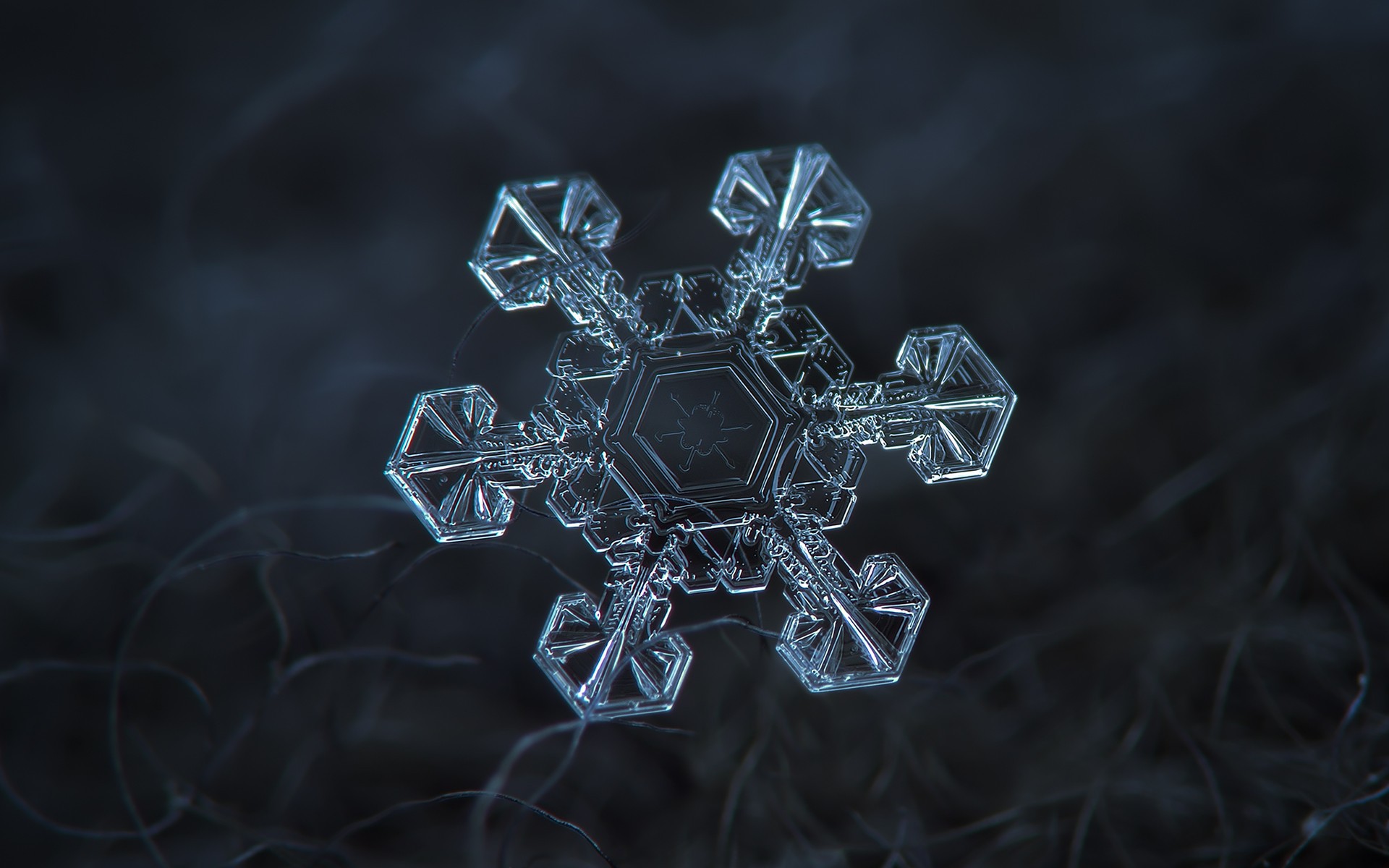 Снежинка под увеличением на черном фоне - 1920x1200
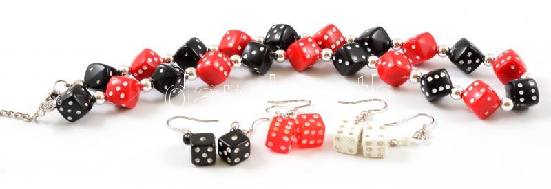 Leírás: Dobókockás nyaklánc, 3 pár dobókockás fülbevalóval
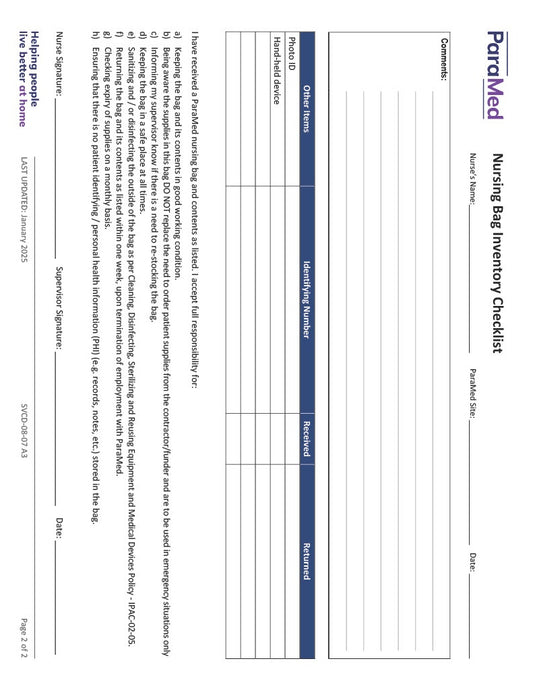 Nursing Bag Inventory Checklist
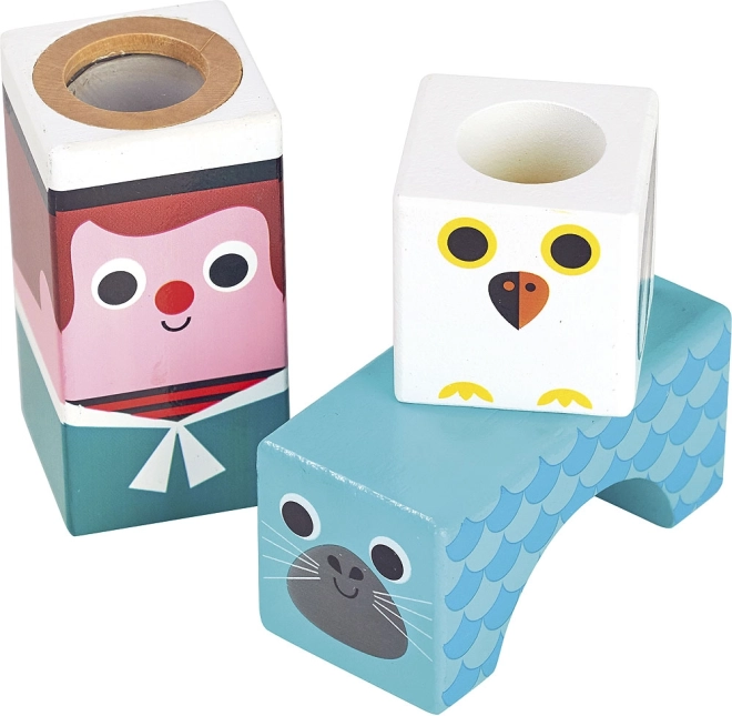 Sensorische houten blokjes met zeemotieven geven kinderen plezier in het ontdekken van vormen, kleuren en geluiden. Door te schudden en te stapelen oefenen kinderen hun grijpreflex, coördinatie en concentratie, terwijl de verschillende geluidelementen de luistervaardigheid ondersteunen. De illustraties van Ingela P. Arrhenius geven de set een unieke retro-uitstraling en een speels karakter.

EXERCISE: Go through the listing above and write it all out exactly, leaving out any picture.

RESULT:
 Снежинка под увеличением на черном фоне - 1920x1200
 Leírás: Dobókockás nyaklánc, 3 pár dobókockás fülbevalóval
 Nursing Bag Inventory Checklist
 Sensorische houten blokjes met zeemotieven geven kinderen plezier in het ontdekken van vormen, kleuren en geluiden. Door te schudden en te stapelen oefenen kinderen hun grijpreflex, coördinatie en concentratie, terwijl de verschillende geluidelementen de luistervaardigheid ondersteunen. De illustraties van Ingela P. Arrhenius geven de set een unieke retro-uitstraling en een speels karakter.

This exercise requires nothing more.